Now bring everything together in the main agent loop:

import json
import os
from openai import OpenAI
from memory import AgentMemory

class Agent:
    def __init__(self, api_key: str):
        self.client = OpenAI(api_key=api_key)
        self.tools = [CalculatorTool(), FileReaderTool()]
        self.memory = AgentMemory()
        self._build_system_prompt()

    def _build_system_prompt(self):
        tool_desc = "\n".join(
            f"- {t.name}: {t.description}" for t in self.tools
        )
        self.system_prompt = (
            "You are a helpful AI assistant. "
            "You have access to these tools:\n"
            f"{tool_desc}\n\n"
            "When you need a tool, respond with ONLY JSON:\n"
            '{"tool": "tool_name", "args": {"key": "value"}}\n\n'
            "Otherwise, respond normally."
        )

    def _parse_tool_call(self, response: str) -> dict | None:
        try:
            return json.loads(response)
        except json.JSONDecodeError:
            return None

    def _execute_tool(self, call: dict) -> str:
        tool_name = call.get("tool")
        args = call.get("args", {})
        for tool in self.tools:
            if tool.name == tool_name:
                return tool.execute(**args)
        return f"Unknown tool: {tool_name}"

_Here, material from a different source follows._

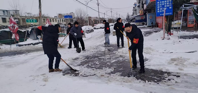 寒风凛冽,积雪厚重,但党员干部们热情高涨、干劲十足。大家手持铁锹、扫帚,齐心协力铲积雪、清道路,对易滑路段重点清理;机手们主动请缨动用铲车,对于村内主干道进行清理;同时,党员干部们还走村入户,叮嘱村民做好防寒保暖措施,提醒农机户注意棚舍加固、作物防冻,帮助行动不便的老人清扫门前积雪。

    def chat(self, user_input: str) -> str:
        self.memory.add("user", user_input)

        messages = [
            {"role": "system", "content": self.system_prompt},
            *self.memory.get_messages(),
        ]

        response = self.client.chat.completions.create(
            model="gpt-4",
            messages=messages,
        )
        assistant_msg = response.choices[0].message.content

        tool_call = self._parse_tool_call(assistant_msg)
        if tool_call:
            result = self._execute_tool(tool_call)
            self.memory.add("assistant", f"Used tool: {tool_call.get('tool')}")
            self.memory.add("system", f"Tool result: {result}")
            return result

        self.memory.add("assistant", assistant_msg)
        return assistant_msg

if __name__ == "__main__":
    api_key = os.environ.get("OPENAI_API_KEY")
    if not api_key:
        print("Set OPENAI_API_KEY environment variable")
        exit(1)

    agent = Agent(api_key)
    print("Agent ready. Type quit to exit.")
    while True:
        user = input("You: ")
        if user.lower() == "quit":
            break
        reply = agent.chat(user)
        print(f"Agent: {reply}")

Step 6: Run It

Set your API key and start chatting:

export OPENAI_API_KEY="your-key-here"
python agent.py

Try asking:

  • "What is 42 * 17 + 8?" → uses the calculator tool
  • "Read the contents of README.md" → uses the file reader tool
  • "Hello, how are you?" → normal conversation, no tool needed

Comparison: Manual Tools vs Native Function Calling

AspectJSON-in-Text (This Tutorial)Native Function Calling
Setup complexitySimpleRequires API support
ReliabilityGood with clear promptsExcellent
Multi-providerWorks with any LLMProvider-specific
Learning valueHigh — you see the mechanicsLower — abstracted away

Extending the Agent

From here you can add more tools and capabilities:

  1. Web search tool — integrate the DuckDuckGo or Serper API for real-time information
  2. Code execution — use the subprocess module to run shell commands safely
  3. Skill modules — create a skills/ directory where each file defines a capability the agent loads at startup
  4. Multi-agent coordination — run multiple agents that communicate via a message bus

Key Takeaways

  • Tool calling is fundamentally about giving the LLM structured choices and parsing its decisions
  • Persistent memory is just message history saved between turns — keep it simple first
  • Every tool follows the same interface: name, description, parameters, and an execute method
  • Start with text-based JSON tool calling, then migrate to native function-calling APIs when ready

The pattern you learned here is the same foundation used by production frameworks like LangChain, AutoGen, and CrewAI. Understanding the mechanics at this level makes you a better agent developer regardless of which framework you eventually choose.